Building Type-Safe AI Pipelines with TypeScript

When I started building LLM-powered data pipelines at Lit Alerts, I quickly realized the biggest challenge wasn't the AI models themselves — it was the unpredictable nature of the data flowing between them. You send a carefully structured prompt and get back... whatever the model feels like returning. Missing fields, extra conversational filler, hallucinated JSON keys. If your downstream services expect a specific schema, your application crashes.

In a traditional application, you control your API contracts. With LLMs, you're dealing with probabilistic outputs. I've found that the only way to build reliable, production-grade AI pipelines is to enforce strict type safety at every boundary — treating the LLM as untrusted user input.

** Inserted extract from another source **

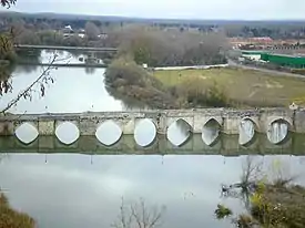 Se trata de un puente romano-medieval de piedra, construido en sillería con 17 arcos (mayoritariamente ojivales) con tajamares y contrapilares. Ocupa un lugar de gran importancia para las comunicaciones terrestres desde la Antigüedad, ya que se encuentra en el antiguo trazado de la calzada romana entre Augusta Emerita y Caesaraugusta. De hecho, hoy en día, forma parte del trazado del camino de Santiago de Madrid.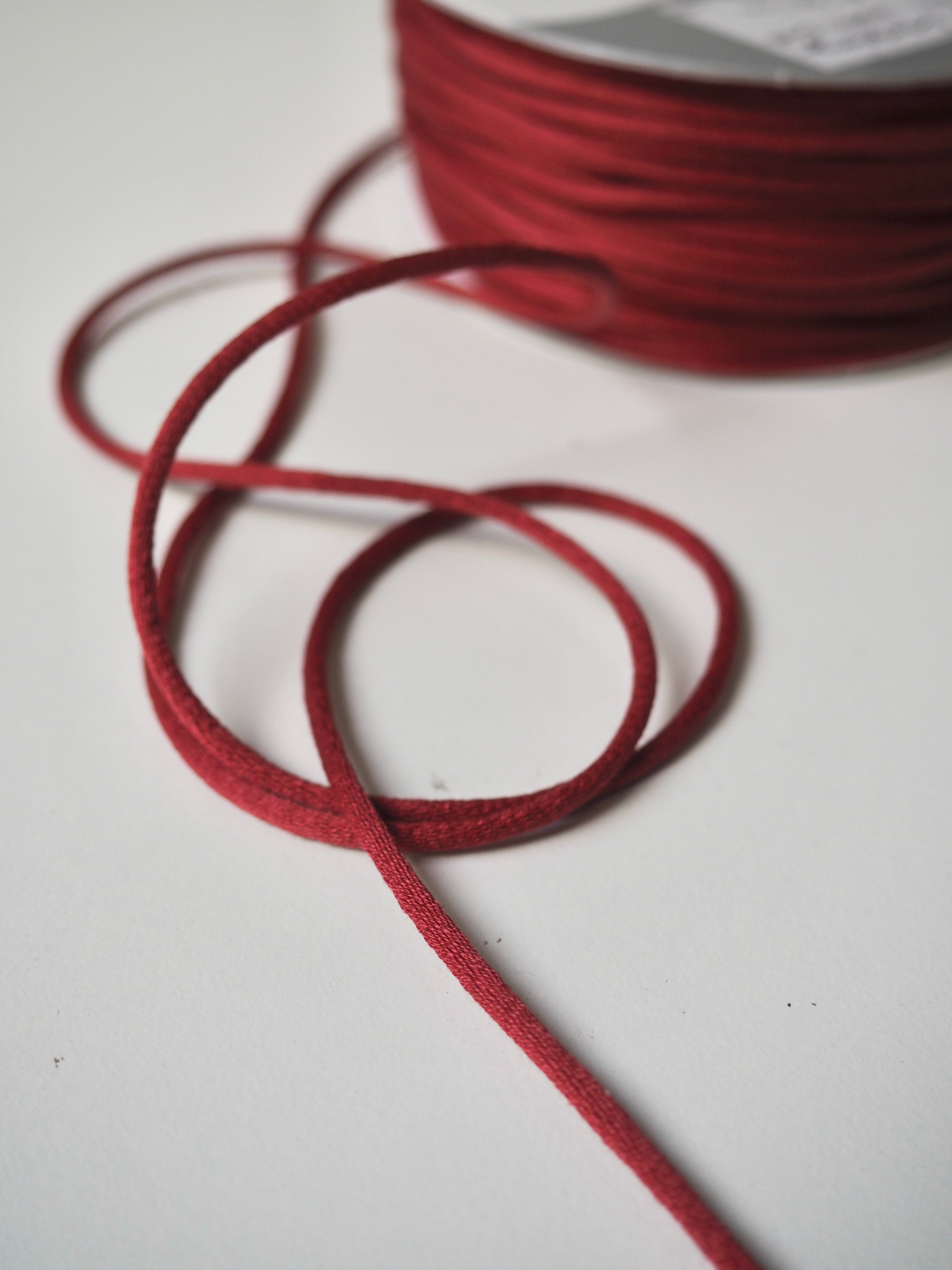 This ex-designer trim is a basic cotton sateen rattail cord. It comes from Shindo, a well-known and well made Japanese trim company. Thin and round with a sateen finish. It works for fashion, craft, and furnishing projects alike.

Why Type Safety Matters More with LLMs

The core issue is non-determinism. You might ask for a JSON object with four fields, but the model might return five, or three, or wrap its response in conversational text. If your pipeline blindly passes this data to a database insert or a downstream API, you'll get cryptic runtime errors that are nearly impossible to reproduce.

TypeScript alone catches structural issues at compile time. But LLM responses arrive at runtime. You need runtime validation that mirrors your TypeScript types — and that's where Zod comes in.

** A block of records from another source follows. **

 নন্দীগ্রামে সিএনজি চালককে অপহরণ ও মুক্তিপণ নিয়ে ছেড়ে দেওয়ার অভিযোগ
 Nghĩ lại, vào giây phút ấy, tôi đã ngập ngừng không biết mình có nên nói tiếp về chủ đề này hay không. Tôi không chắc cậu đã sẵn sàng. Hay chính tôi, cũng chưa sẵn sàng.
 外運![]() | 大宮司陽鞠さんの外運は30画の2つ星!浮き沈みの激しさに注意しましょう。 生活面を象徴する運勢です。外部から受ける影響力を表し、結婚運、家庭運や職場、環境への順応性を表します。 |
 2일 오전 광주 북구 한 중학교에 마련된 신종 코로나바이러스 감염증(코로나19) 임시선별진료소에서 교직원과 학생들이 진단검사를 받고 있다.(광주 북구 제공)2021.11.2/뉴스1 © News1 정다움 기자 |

Schema Validation with Zod

At Lit Alerts, every LLM response passes through a Zod schema before it touches any business logic. Zod gives you two things simultaneously: a TypeScript type and a runtime validator.

import { z } from 'zod'

const PipelineResultSchema = z.object({
  summary: z.string().min(1),
  sentiment: z.enum(['positive', 'negative', 'neutral']),
  confidenceScore: z.number().min(0).max(1),
  entities: z.array(z.string()),
})

type PipelineResult = z.infer<typeof PipelineResultSchema>

async function processLLMResponse(rawOutput: string): Promise<PipelineResult> {
  const parsed = JSON.parse(rawOutput)
  return PipelineResultSchema.parse(parsed)
}

If the LLM omits confidenceScore or returns sentiment: "maybe", this throws a ZodError with a clear message pointing to the exact field that failed. No more guessing why your pipeline silently corrupted a database row three hours ago.

Typed Pipeline Steps

For complex pipelines with multiple LLM calls, I structure each step as a typed function with explicit input and output contracts. This makes the pipeline composable and easy to debug.

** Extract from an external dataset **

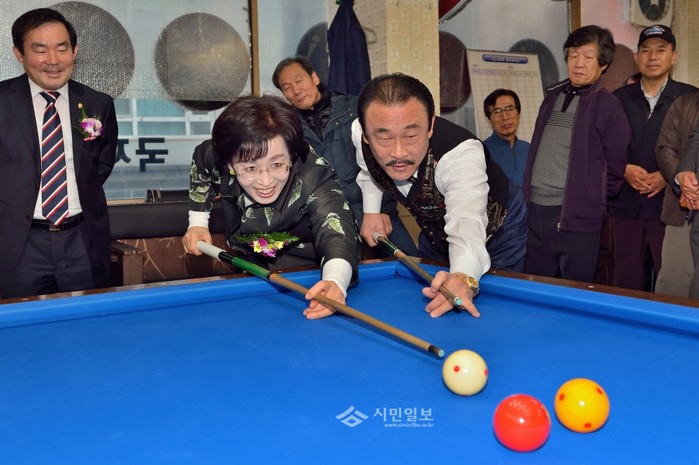 박춘희 송파구청장이 지난 17일 송파구 '력셔리 당구클럽'에서 열린 '제5회 송파구청장배 당구대회'에 참석해 서울시당구연합회 김종석 회장과 함께 시연을 하고 있다.(사진제공=송파구청)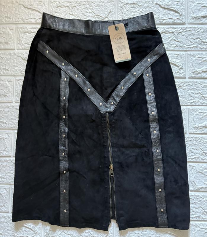 Нова замшева спідниця, має шкіряні вставки. Розмір 42

type PipelineStep<Input, Output> = {
  name: string
  execute: (input: Input) => Promise<Output>
}

function createPipeline<A, B, C>(
  step1: PipelineStep<A, B>,
  step2: PipelineStep<B, C>
) {
  return async (input: A): Promise<C> => {
    const intermediate = await step1.execute(input)
    return step2.execute(intermediate)
  }
}

const summarize: PipelineStep<string, { summary: string; length: number }> = {
  name: 'summarize',
  execute: async (text) => {
    const result = await callLLM(`Summarize: ${text}`)
    return SummarySchema.parse(JSON.parse(result))
  },
}

const classify: PipelineStep<{ summary: string; length: number }, string> = {
  name: 'classify',
  execute: async ({ summary }) => {
    const result = await callLLM(`Classify sentiment: ${summary}`)
    return SentimentSchema.parse(result)
  },
}

If I change the output shape of summarize, TypeScript immediately flags every downstream consumer that needs updating. The compiler becomes your pipeline documentation.

Error Handling and Retry Logic

At Lit Alerts, we process thousands of documents daily. We've seen everything — malformed JSON, empty responses, rate limits, timeouts. Our error handling strategy:

Validation errors (wrong schema): Log the raw LLM output, increment a metric, skip the document for human review
Transient errors (timeouts, 500s): Retry with exponential backoff, up to 3 attempts
Persistent failures: Alert the team, quarantine the document

The key insight: treat validation failures differently from infrastructure failures. A timeout is retryable. A model that consistently returns the wrong schema needs a prompt fix, not more retries.

Practical Takeaways

After building multiple production AI pipelines, here's what I'd tell anyone starting out:

Validate at every boundary. Between the LLM and your code. Between pipeline steps. Before any database write.
Use Zod's .safeParse() in production instead of .parse() — it returns a result object instead of throwing, which is easier to handle in async pipelines.
Version your schemas. When the LLM prompt changes, your expected output shape may change too. Schema versioning prevents silent data corruption.
Log raw LLM responses before validation. When a schema fails, you need the original output for debugging.

The goal is to move complexity from runtime to compile time. When you do that, you spend less time debugging and more time building features that actually deliver value. TypeScript and Zod together make LLM output as predictable as any other data source in your application.